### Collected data
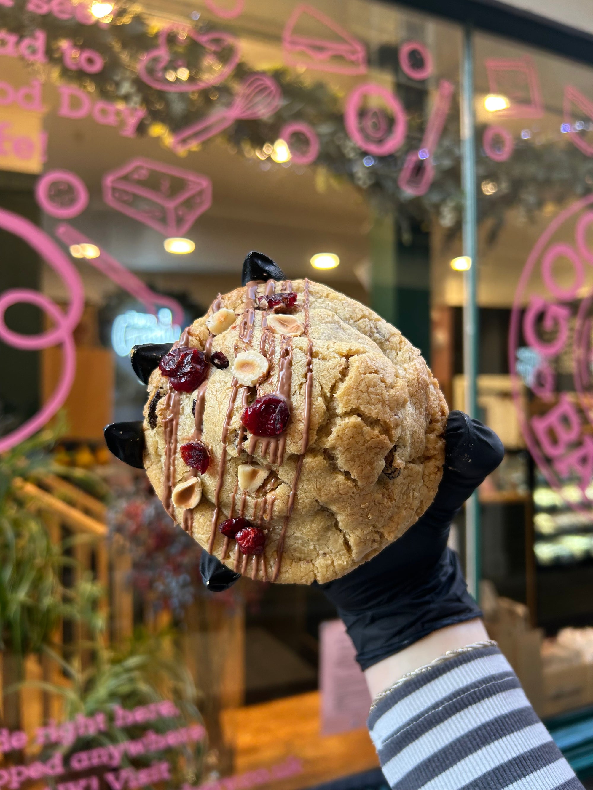 · Fruit and Nut- (N- Hazelnuts, Almonds)- Designed by Kristi - Hazelnuts, almonds, sultanas and dried cranberries cookie dough, stuffed with brownie and strawberry jam, finished with milk chocolate drizzle and a sprinkle of fruits and nuts
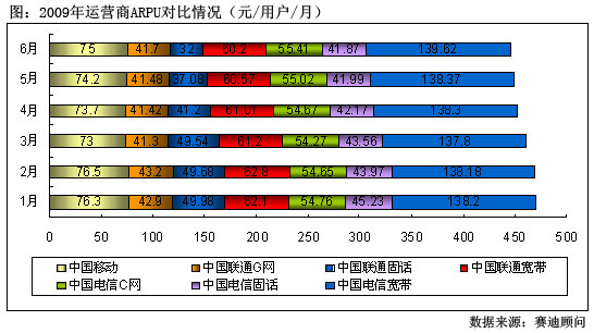 圖:2009年運(yùn)營(yíng)商ARPU對(duì)比情況
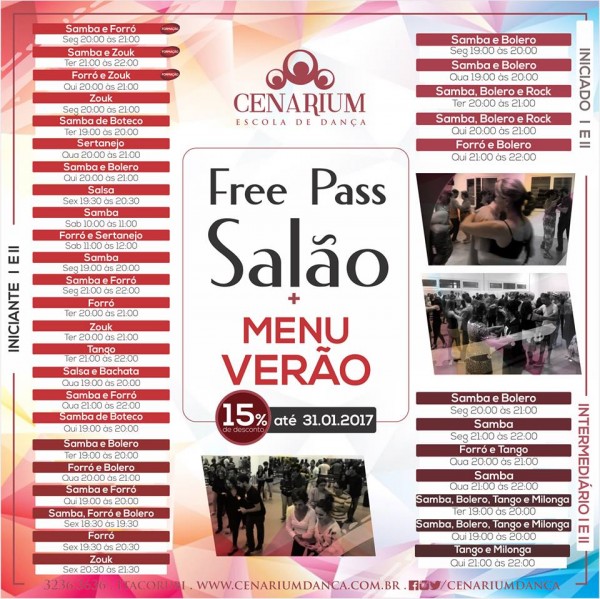 A Cenarium aguarda você com o Free Pass Salão e o Menu Verão juntinhos! E é bem simples... Você adquire o Free Pass Salão Iniciante a partir de R$ 150,00* ou Free Pass Salão
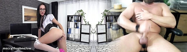 Pervy dark-haired in glasses and college uniform Sasha Sparrow wanna go solo
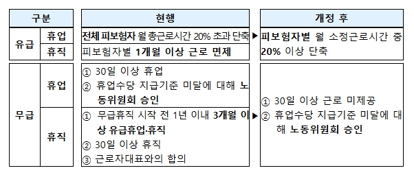 휴업, 휴직 등 유형별로 달리 정하고 있는 고용유지지원금 지원 요건은 ‘근로를 제공하지 아니하는 조치’로 통일된다. 복잡한 신청 요건을 단순화하여 현장의 이해와 활용도를 높일 수 있을 것으로 기대된다.
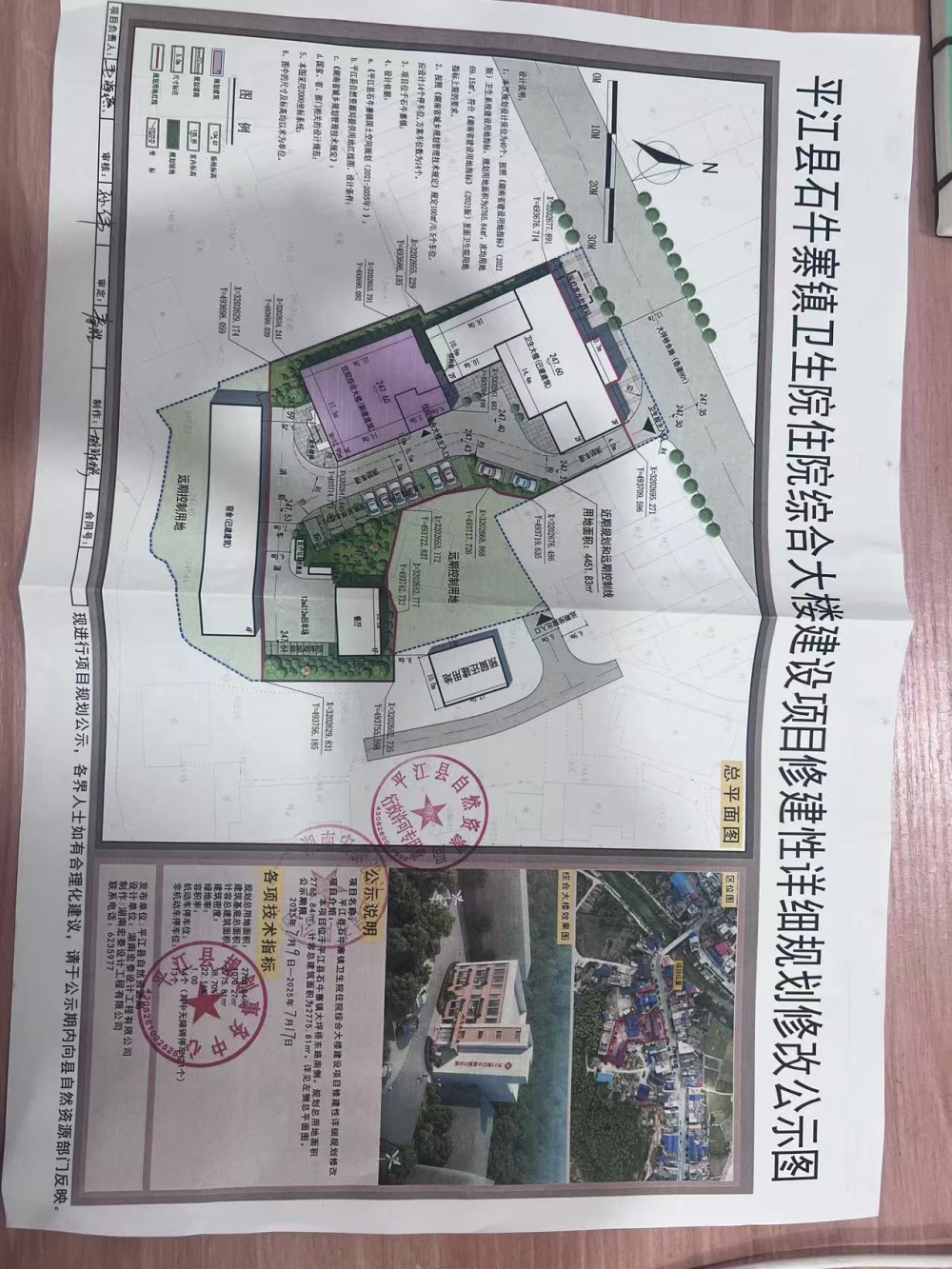 平江县石牛寨镇卫生院住院综合大楼建设项目修建性详细规划规划公示行政许可公告
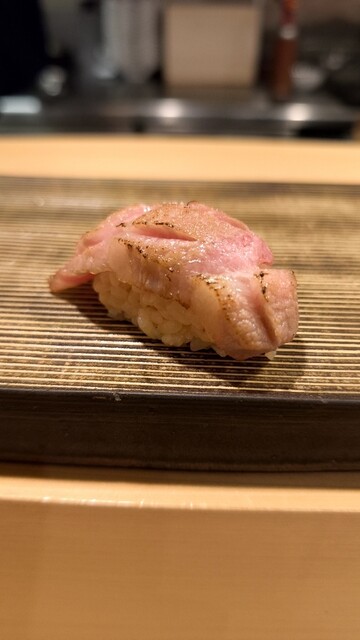 いきなりの赤身中トロからにぎりがスタート。和歌山那智勝浦産、とろけます。この先が楽しみです。

### REQUIREMENT
The records above should be repeated exactly, with no pictures in the copy.

### SOLUTION TO THIS TASK
 · Fruit and Nut- (N- Hazelnuts, Almonds)- Designed by Kristi - Hazelnuts, almonds, sultanas and dried cranberries cookie dough, stuffed with brownie and strawberry jam, finished with milk chocolate drizzle and a sprinkle of fruits and nuts
 圖:2009年運(yùn)營(yíng)商ARPU對(duì)比情況
 A Cenarium aguarda você com o Free Pass Salão e o Menu Verão juntinhos! E é bem simples... Você adquire o Free Pass Salão Iniciante a partir de R$ 150,00* ou Free Pass Salão
 Pervy dark-haired in glasses and college uniform Sasha Sparrow wanna go solo
 휴업, 휴직 등 유형별로 달리 정하고 있는 고용유지지원금 지원 요건은 ‘근로를 제공하지 아니하는 조치’로 통일된다. 복잡한 신청 요건을 단순화하여 현장의 이해와 활용도를 높일 수 있을 것으로 기대된다.
 平江县石牛寨镇卫生院住院综合大楼建设项目修建性详细规划规划公示行政许可公告
 いきなりの赤身中トロからにぎりがスタート。和歌山那智勝浦産、とろけます。この先が楽しみです。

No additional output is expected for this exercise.